Occurrence.—Rare in K-1.

Pseudostaffella variabilis Reitlinger, 1961, p. 240, pl. 3, fig. 8; Brazhnikova et al., 1967, pl. 21, fig. 22.

Pseudostaffella primitiva Reitlinger, 1961, p. 241, pl. 3, fig. 9.

Semistaffella variabilis (Reitlinger). Reitlinger, 1971, pl. 1, figs. 11, 12; Brenckle, 2005, p. 86, pl. 15, figs. 5, 6.

Semistaffella primitiva (Reitlinger). Reitlinger, 1971, pl. 1, fig. 13.

Pseudostaffella (Semistaffella) variabilis (Reitlinger). Groves, 1988, p. 391, figs. 17.22–17.29.

Remarks.—As discussed by Groves (1988), the taxonomic independence of either variabilis or primitiva, both of which were first described in the same paper (Reitlinger, 1961) and later reassigned to Semistaffella by Reitlinger (1971), is equivocal. Both were later synonymized by Brenckle (2005). Therefore, small and subspherical individuals of Semistaffella in the present material are named S. variabilis, first described from core samples of the lower Akavassky horizon (lower Bashkirian) of the Russian Platform. They resemble the types in their irregularly coiled whorls throughout the test, rounded periphery and poles.

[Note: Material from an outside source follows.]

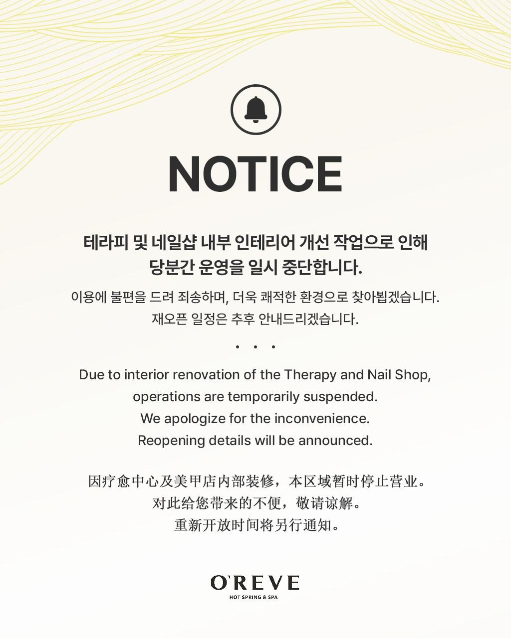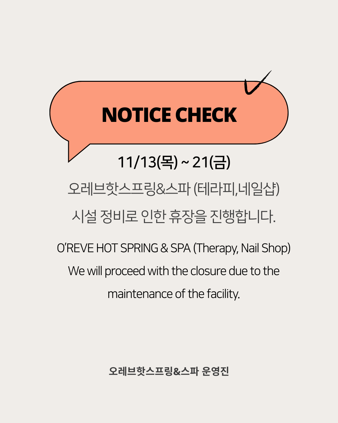 작년 9월 출시하여 그동안 판매를 진행하였던 정기권의 판매를 중단하게 되었습니다.잔여 정기권 소진 및 그동안 오레브 핫스프링앤스파를 이용해 보시지 못했던 분들에게

Type species.—Profusulinella pararhomboides Rauzer-Chemousova and Belyaev in Rauzer-Chemousova et al., 1936.

Schwagerina prisca Deprat, 1912, p. 41, pl. 4, figs. 10–14.

Neofusulinella schwagerinoides Deprat, 1913. Lee and Chen in Lee et al., 1930 (pars), p. 124, pl. 11, figs. 1, 2. (non pl. 10, fig. 12 = Fusulinella bocki von Möller, 1877)

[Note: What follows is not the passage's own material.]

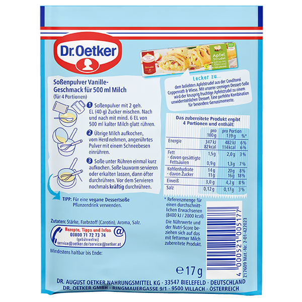 Dr. Oetker Dessert-Soße Vanille-Geschmack zum Kochen ein wahrer Genuss.
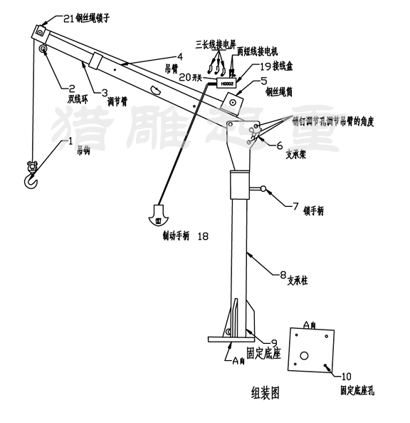 5、 把小吊機上的接線盒(19)接好;

Profusulinella deprati (Beede and Kniker, 1924). Chang, 1961, p. 153, pl. 1, fig. 10; Sheng and Sun, 1975, p. 8, pl. 3, fig. 2.

Profusulinella priscoidea Rauzer-Chernousova, 1938, p. 102, pl. 2, figs. 1–3.

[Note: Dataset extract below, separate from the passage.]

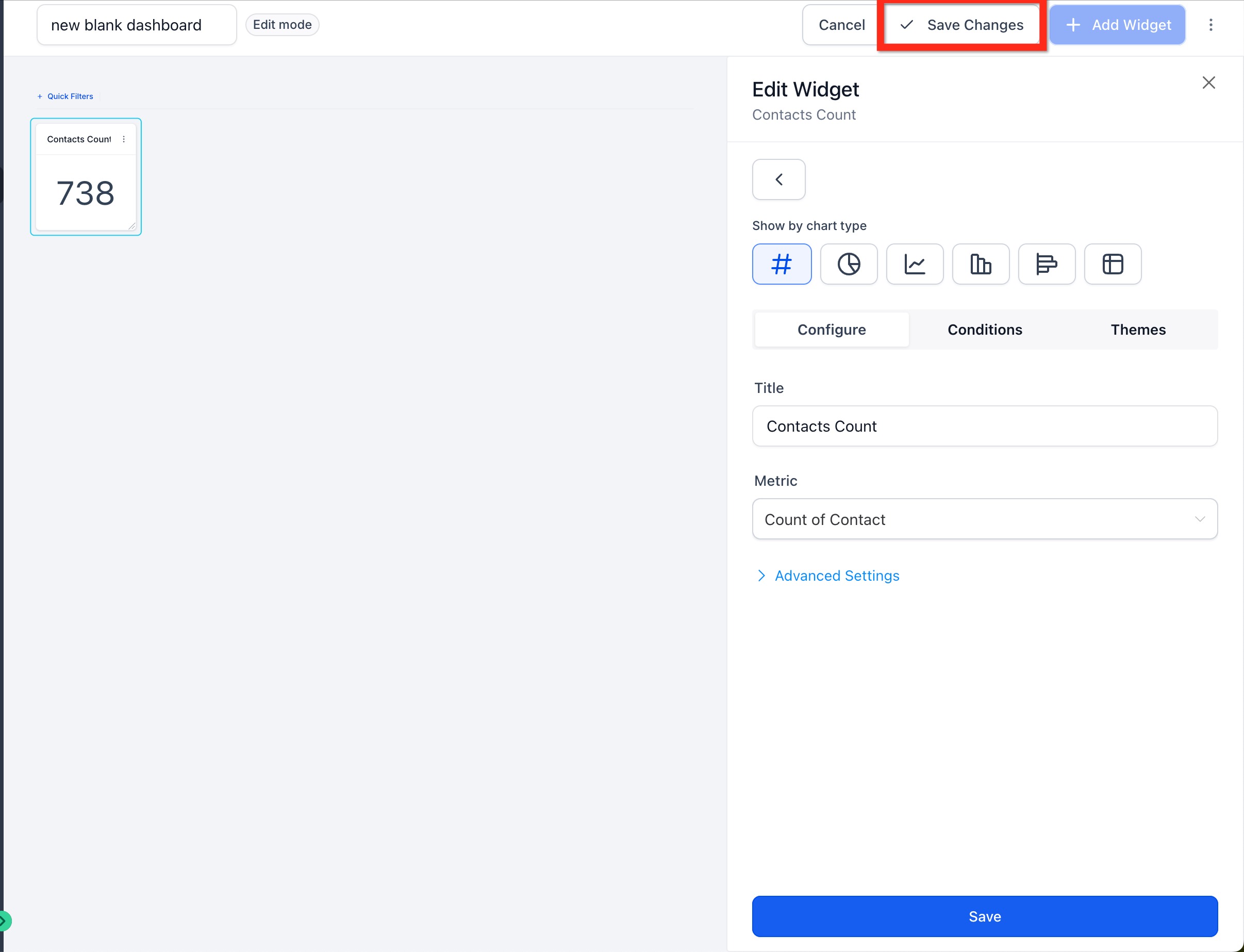 Click the "✓ Save Changes" button to finish. This saves your layout and exits edit mode.

Aljutovella priscoidea Rauzer-Chernousova. Rauzer-Chemousova in Rauzer-Chemousova et al., 1951, p. 208, pl. 27, figs. 5, 6.

Profusulinella prisca (Deprat). Rauzer-Chernousova et al., 1951, p. 165, pl. 15, figs. 1–4; Putrya, 1956, p. 417, pl. 7, figs. 2, 3; Rui et al., 1996, p. 48, pl. 5, figs. 5–12; Davydov et al., 2001, pl. 1, figs. 3. 4; Leven et al., 2006, figs. 11.10. 12.11. 12.1. 12.2.

Profusulinella prisca var. timanica Kireeva in Rauzer-Chernousova et al., 1951, p. 166, pl. 15, figs. 5, 6; Lin, 1983, pl. 2, fig. 21; Rui et al., 1996, p. 50, pl. 4, figs. 1–8.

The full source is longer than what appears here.